Memory system

Load store unite

The LSU implementation is characterised by :

  • LQ / SQ : Usually, 16 of each

  • Load from AGU : To reduce the load latency, if the LQ has nothing for the load pipeline, then the AGU can directly provide its fresh calculation without passing by the LQ registers

  • Load Hit speculation : In order to reduce the load to use latency (to 3 cycles instead of 6), there is a cache hit predictor, speculatively waking up depending instructions

  • Hazard prediction : For store, both address and data are provided through the issue queue. So, a late data will also create a late address, potential creating store to load hazard. To reduce that occurence, a hazard predictor was added to the loads.

  • Store to load bypass : If a given load depend on a single store of the same size, then the load pipeline may bypass the store value instead of waiting for the store writeback

  • Parallel memory translation : For loads, to reduce the latency, the memory translation run in parallel of the cache read.

  • Shared address pipeline : Load and store use the same pipeline to translate the virtual address and check for hazards.

Here is a few illustrations of the shared and the writeback pipeline :

../../_images/lsu2.png

MMU

The MMU implementation is characterised by :

  • 2D organisation : For each level of the page table a parameterizable number of direct mapped ways of translation cache can be specified.

  • Hardware refilled : Because that’s cheap

  • Caches direct hit : Allows the instruction cache to check its way tags directly against the MMU TLB storage in order to improve timings (at the cost of area)

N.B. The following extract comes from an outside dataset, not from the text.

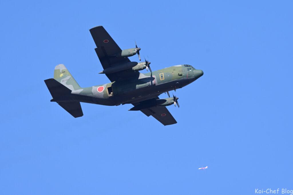 C-130Hと、遠くに見えるのは民間の航空機

For RV32, the default configuration is to have :

  • 4 ways * 32 entries of level 0 (4KB pages) TLB

  • 2 ways * 32 entries of level 1 (4MB pages) TLB

The area of the TLB cache is kept low by inferring each way into a distributed ram.

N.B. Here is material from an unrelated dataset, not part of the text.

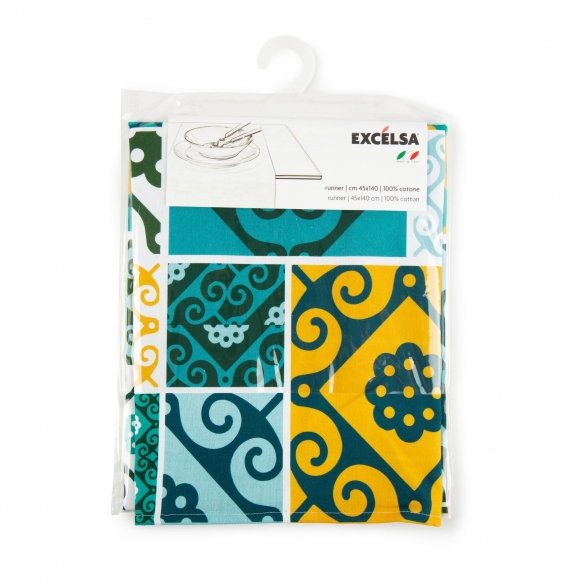 Runner 45x140 cm, appartenente alla collezione Maiolica, realizzato in cotone al 100%. Disponibile in 3 eleganti e delicate finiture di colore, questo splendido runner ti permetterà di imbastire un'apparecchiata coi fiocchi. Abbinalo agli altri elementi della collezione Maiolica, per ottenere una composizione suggestiva, in pieno stile medioevale! Progettato e realizzato da Excelsa.

Here is a few illustrations of the MMU design

../../_images/mmu_general.png ../../_images/mmu_translation.png

Coherency

The memory coherency is implemented the following way on the CPU :

  • Blocks of memory (in the data cache) have permission levels (unloaded < shared < unique[dirty])

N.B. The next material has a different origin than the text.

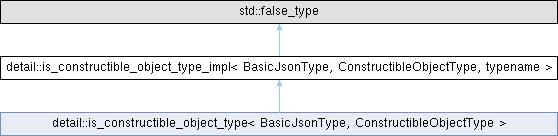Inheritance diagram for detail::is_constructible_object_type_impl< BasicJsonType, ConstructibleObjectType, typename >: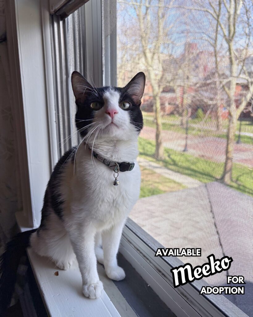 So, if you’re ready for a cat with personality, humor, and a whole lot of love wrapped up in black and white fluff, Meeko is ready to move in and run the place.

  • Shared permission only allows read-only access

  • Unique permission allows read/write accesses

  • When the data cache want to upgrade its permission, he will issue an acquire request (on the read bus)

  • When the data cache want to free-up space, he will send a release request (on the write bus)

  • The interconnect can downgrade the data cache permission on a given address (on the probe bus)

  • Probe requests are handled by reusing the data cache store pipeline

  • To allow the CPU to do atomic load/store access, a locking interface allows to prevent a given address permission downgrade

While NaxRiscv native data cache interface to the memory is custom, it is made to be bridged into Tilelink.

../../_images/coherency_l1.png

From a SoC perspective, you can pick either a L2 coherent cache or a cacheless coherency hub to connect multiple masters.

L2 cache

The L2 cache has the following characteristics :

  • Provide Tilelink interfaces (up for CPUS/DMA, down for the memories)

  • Inclusive with L1 (only D$ for NaxRiscv), so it only send necessary probes, but always has a copy of the L1.

  • PLRU line eviction

  • non-blocking

  • multi-way

  • Data memory implemented as simple dual port ram (FPGA friendly)

  • Support selective cachability of access in function of address / source (usefull to not cache video DMA accesses)

In its default configuration, its timings are : - Hit latency 5 cycles - Miss latency penality 4 cycles

Its architecture is mostly :

  • Requests goes into a centralized tags fetcher / controller

  • That controller can feed a few pipelines / FSM, as described bellow :

  • Probe controller when it is needed to remove data from a l1 cache, may be required to evict a L2 cache line or to aquire unique permissions

  • Read down.a when we need to either refill a cache line or do a uncached read access

  • Send direct responses to up.d, for instance on a up.c.release

  • Send request to the data collector, which can then write the main memory / cache and also send data to up.d

  • Send request to the read cache, used on cache hit and cache evict

../../_images/l2.png